1. That damage caused by smoke inhalation is relative to exposure, even in amounts that are VERY low.

2. That the exposures from second-hand smoke are a significant portion of the overall damaging factors.

This is where things get really weird. The particulates and carcinogens from a typical wholesome campfire or a grill used for cooking are higher than those encountered by second-hand smokers. Should we ban taking kids camping? From eating BBQ? It might save more lives.

And the assumption that tiny amounts of exposure cause any damage at all seems suspect to me. Your body temperature is 98.6 degrees. Obviously, if I spill 1 200 degree cup of coffee on you it's going to do a lot of damage. If I spill a 150 degree cup of coffee on you it will do some damage, but these studies assume that if I spill a 99 degree cup of coffee on you it will harm you just a little bit. We all know that in the latter case, you'd probably complain about the coffee being cold!

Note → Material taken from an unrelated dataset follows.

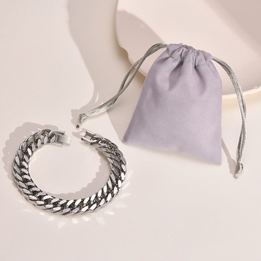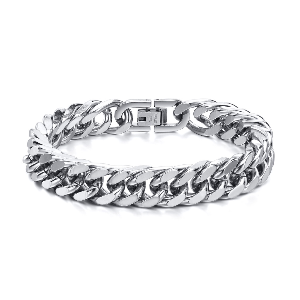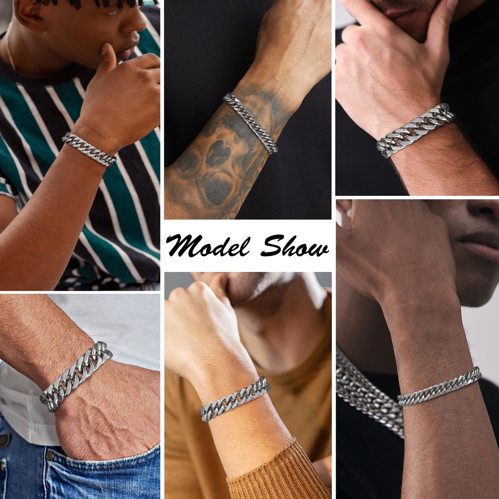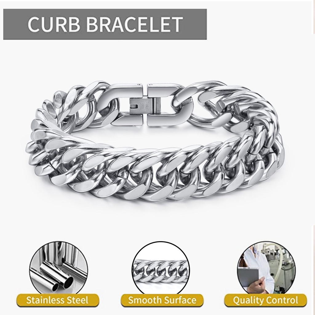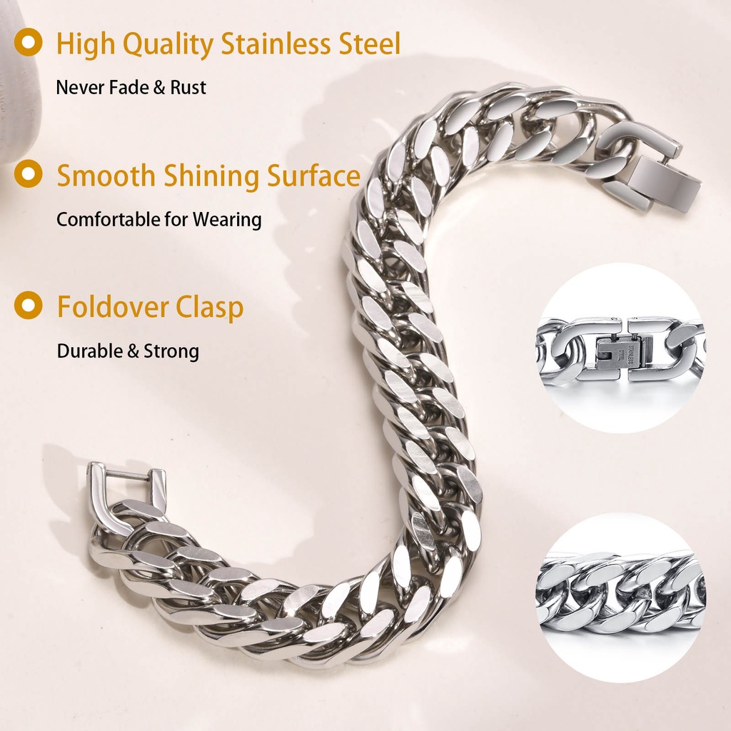 Meaeguet Silver Men Bracelet Stainless Steel Cuban Chain Bracelet 8/10/12/15MM Jewelry Accessories

A typical cigarette delivers 2mg nicotine to a smoker. These studies showed that the second-hand exposure was 9ug, meaning that the exposure was less than 1/200th what the smoker was getting. In other words, a child could take a ride in a car with a smoker every day they went to school in a year and get exposed to under one cigarette's-worth of harmful materials. Does that sound so bad? Did anyone ever get sick smoking one cigarette a year?

Posted by: mangeek at May 14, 2012 12:11 PM

Over the last century a couple of hundred thousand kids have died while traveling in automobiles, all of which would be prevented if we had simply banned kids from cars.
Hey even more would be saved if we raised the driving age to 30... or 40...or banned cars altogether.
Not to mention the risks posed by football, hunting, archery, baseball, flying, swimming, etc.
Then of course there is the risk the Left will NEVER speak about-that your kids will be among the literally millions of kids who have been sexually inveigled by unionized teachers.

Posted by: Tommy Cranston at May 14, 2012 12:36 PM

The car is a great case...

If a product came out today that let people get around ten to twenty times faster than they already do, but it would kill 40,000 people a year and require billions upon billions of government upkeep for infrastructure, would it ever 'make it'? Would we let 16 year-olds do it after driving around the block once or twice?

Patrick, 'freedom' aside, we're becoming a safety-obsessed culture. I think it's actually at a level that's detrimental to the economy and the social fabric.

Posted by: mangeek at May 14, 2012 2:18 PM

mangeek, I like the points you made about the studies.

I haven't looked at them myself yet but on the subject of studies...

I often laugh at hearing results about some such think doubling, tripling, multiplying the risks of something to sound terribly alarming but if you look more closely the risk could be going from a fraction of a fraction of one percent to 2 or 3 times that remaining far below one percent.

Sort of like saying something could take 3 times longer when the something takes less than a millisecond and you don't need to do it for millions or billions of iterations.

What's not funny about this is that government and media use this to deceive the public to push forward agendas they want and to take away more freedoms so they will have more power over our lives.

Posted by: Chris P at May 15, 2012 6:05 AM

The first study seems deliberately designed to be hard to understand. Rather than putting things into context or aid in making a comparison there are constant "adjustments" being made (reminds one of "hide the decline").

Many of the comparisons made seem more statistical than scientific. If it doesn't compare the amount of chemicals that enters the lungs between a smoker and a passive smoker it fails. If it doesn't cite the effects of the chemicals in the doses received by passive smoking it fails.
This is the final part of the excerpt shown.